What is best practice, what delivers the best performance?
I currently have a query with many LEFT JOINs that fetches a user and all his data, like friends, friend requests, and so on:
SELECT
`user`.`id` AS `user_id`,
`user`.`name` AS `user_name`,
`manager`.`id` AS `manager_id`,
`competition`.`id` AS `manager_competition_id`,
`competition`.`name` AS `manager_competition_name`,
`competition`.`week` AS `manager_competition_week`,
`country`.`id` AS `manager_competition_country_id`,
`country`.`name` AS `manager_competition_country_name`,
`club_template`.`id` AS `manager_club_template_id`,
`club_template`.`name` AS `manager_club_template_name`,
`club`.`id` AS `manager_club_id`,
`club`.`name` AS `manager_club_name`,
`club`.`ready` AS `manager_club_ready`,
`friend`.`friend_id` AS `friend_id`,
`friend_user`.`name` AS `friend_name`
FROM
`users` AS `user`
LEFT JOIN
`managers` AS `manager`
ON
`manager`.`user_id` = `user`.`id`
LEFT JOIN
`competitions` AS `competition`
ON
`competition`.`id` = `manager`.`competition_id`
LEFT JOIN
`countries` AS `country`
ON
`country`.`id` = `competition`.`country_id`
LEFT JOIN
`club_templates` AS `club_template`
ON
`club_template`.`id` = `manager`.`club_template_id`
LEFT JOIN
`clubs` AS `club`
ON
`club`.`id` = `manager`.`club_id`
LEFT JOIN
`friends` AS `friend`
ON
`friend`.`user_id` = `user`.`id`
LEFT JOIN
`users` AS `friend_user`
ON
`friend_user`.`id` = `friend`.`friend_id`
WHERE
`user`.`id` = 1
As you can see, it’s a very big query.
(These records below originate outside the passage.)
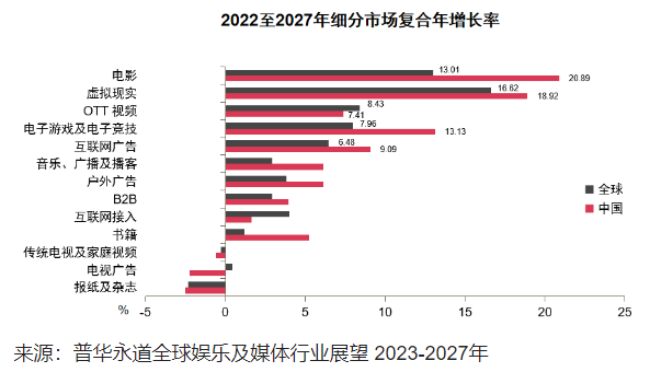 7月13日,普华永道在广州发布《2023至2027年全球娱乐及媒体行业展望》,报告预计中国娱乐及媒体行业至2027年收入将达约4,799亿美元,未来五年复合年增长率为6.1%,高于全球的3.5%。互联网广告、电子游戏与电子竞技是行业主要的增长驱动力,电影、虚拟现实(VR)等细分领域仍将保持较高增长。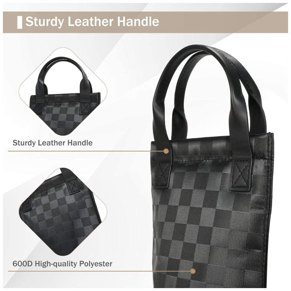 Desfrute do Melhor Sabor! Com a bolsa térmica para vinho da Tirrinia, você não precisa se preocupar com a perda de sabor devido a viagens prolongadas. Seu revestimento interno de alumínio mantém o vinho fresco. Leve para Qualquer Lugar! Esta bolsa para garrafa de vinho é leve, fácil de selar e cabe uma garrafa de 750ml perfeitamente. Com alça resistente, é ideal para piqueniques, festas e viagens. Estilo Duradouro! Feita de poliéster 600D, esta bolsa é durável e robusta. A alça de couro de alta qualidade melhora o design, enquanto o padrão clássico mostra sua elegância. Mais que uma Bolsa de Vinho! Além de manter o vinho gelado, o isolamento em folha de alumínio e o enchimento de espuma PE de 5 mm também mantêm cervejas, refrigerantes e água frios. Presente Perfeito! Esta bolsa combina funcionalidade e elegância, sendo a escolha ideal para presentear amigos e casais, independentemente da estação.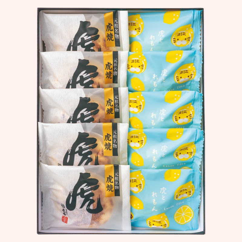虎焼5個、広島れもんけーき5個 計10点、メッセージカード付 【特定原材料:小麦、卵、乳】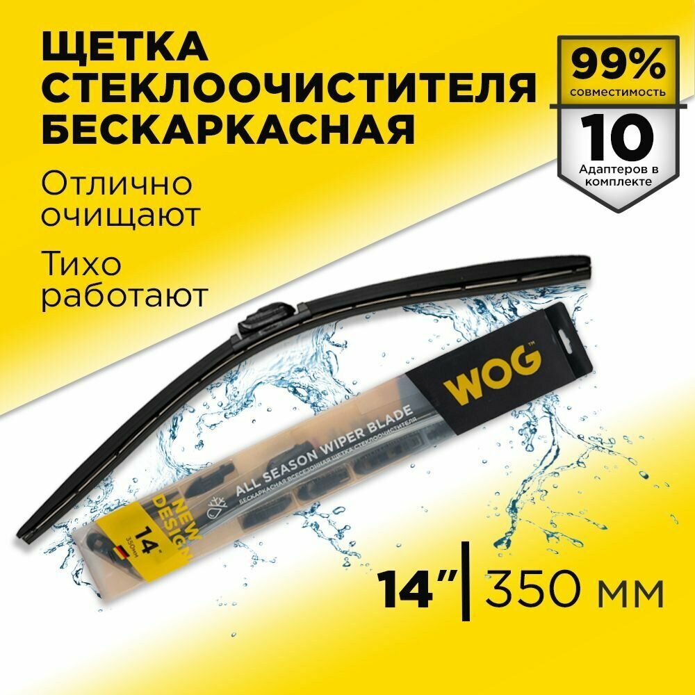 Щетка стеклоочистителя, дворники автомобильные бескаркасные 14" (350 мм) с комплектом адаптеров 10 шт WOG WGC1401, 1 шт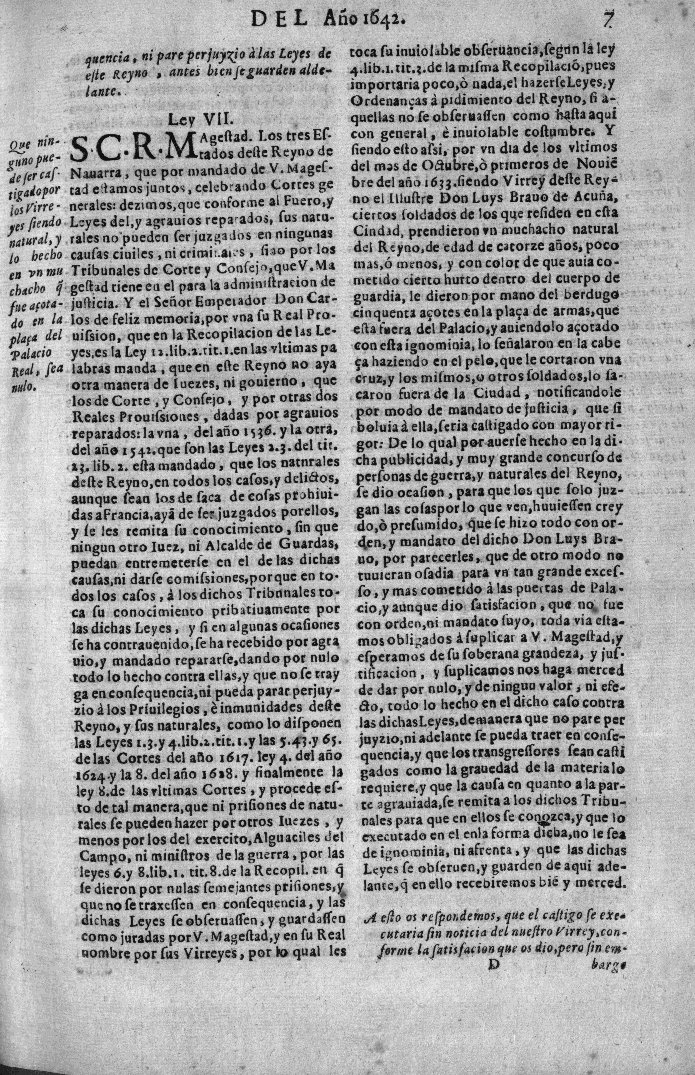 | Izenburua: | Quaderno de las leyes, ordenancas, provisiones, y agravios reparados, á suplicacion de los tres Estados de este Reyno de Nauarra, en las Cortes del año de 1642, por la Magestad Real del Rey Don Phelipe Sexto de este nombre nuestro señor. Y en su nombre por el excelentissimo Señor Don Sebastian Suarez de Mendoça.. |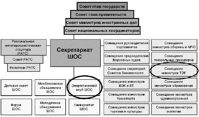 В развитии организации можно отметить тенденцию движения от обсуждения вопросов терроризма-сепаратизма-экстремизма к более широкому кругу вопросов по безопасности и далее — от типичного многостороннего сотрудничества в сфере безопасности к включению в повестку дня вопросов энергетического сотрудничества. Если в Декларации о создании ШОС энергетическая сфера лишь упоминается в ряду других (например, культура, образование, транспорт, экология и т. д.; также см. рис. 1) [2], то уже в 2007 г. в ходе саммита в Бишкеке лидеры ШОС решили создать общий энергетический рынок посредством «сопоставления энергетических стратегий в рамках ШОС» [1].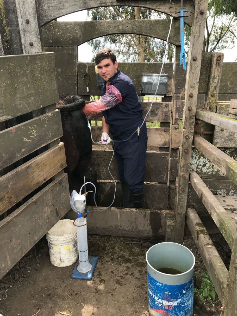 "En promedio se obtiene entre 5 y 6 embriones por colecta o por flushing. Se puede llegar a realizar unas 5 o 6 colectas en el año, con lo cual en promedio se puede llegar a obtener unos 30 embriones en el año por una hembra donante, lo que nos permite lograr después de obtener un 50% 0 60% de preñez que es lo normal podemos llegar a obtener unos 15 o 20 terneros que, en forma natural, por servicio natural, obtendríamos un ternero por vaca por año".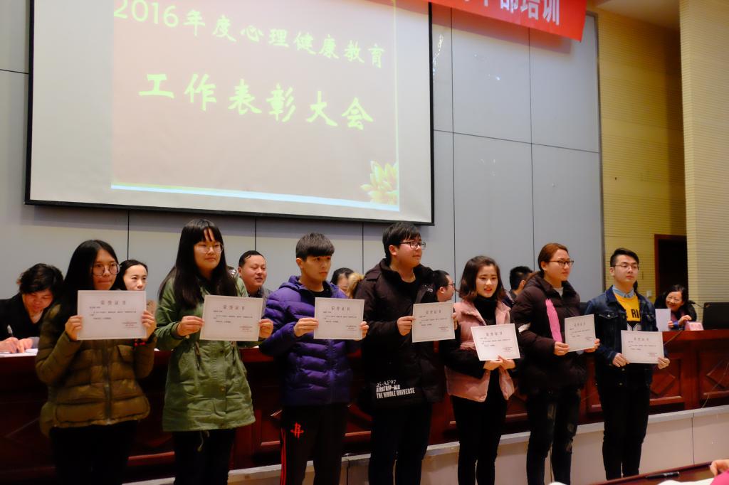 大会对我院在2016年度大学生心理健康教育工作中做出成绩的机电工程系等4个系部、周凌云等5位心理老师、倪玉婷等14位学生心育干部进行了表彰。并希望所有受表彰的集体和个人再接再厉害,为我院心理工作再创辉煌。

My reasoning behind this was that it’s better to have just one query that can be done in one API request, like this…
/api/users/1
…versus a few queries, each in their own API request, like this…
/api/users/1
/api/users/1/friends
/api/users/1/friend_requests
/api/users/1/managers
But now I’m worried, that since it’s become such a huge query that it will actually hurt performance more than to split it up in separate API requests.
What will scale better?
Update
I’ve changed the query to the full query. This is not the final query; I plan to add even more joins (or not, depends on the answer).
Each table has a PRIMARY KEY on id. All association columns (competition_id, club_id, and so on) have a regular INDEX. The database engine is InnoDB.
Of the two, I would recommend the latter: many niche queries. It gives the caller flexibility to pull back just what they want, and is less likely to silently introduce performance problems (e.g. only one option to retrieve data, so everyone uses it no matter how small a subset of that data they’re actually interested in).
That said, it certainly isn’t immune from performance problems, it just means the caller may be more aware of them by virtue of issuing so many API calls.
You could provide both though. Make it clear from your naming convention that the expensive version pulls back all data and is for use when the user might otherwise need to make, say, 20 – 30 calls to get the full picture.
Examples:
1 – imagine having to get that full user object just to find out the name. Really wasteful. And if done inadvertently in a big loop, a performance trap waiting to happen. Prefer a
getUserName(id)method that just reads that one value back.2 – on the other hand, if you want to display the user’s full profile in a page, then a full
getFullUserProfile(id)is most efficient (1 call rather than 10 – 20).Edit – a further useful example. Anticipate where many values are sought, e.g. rather than force the caller to run
getUserName(id)500 times to get all names for a certain condition (all admin users perhaps?), provide aList<String> getAdminUserNames()which provides all that data in one call.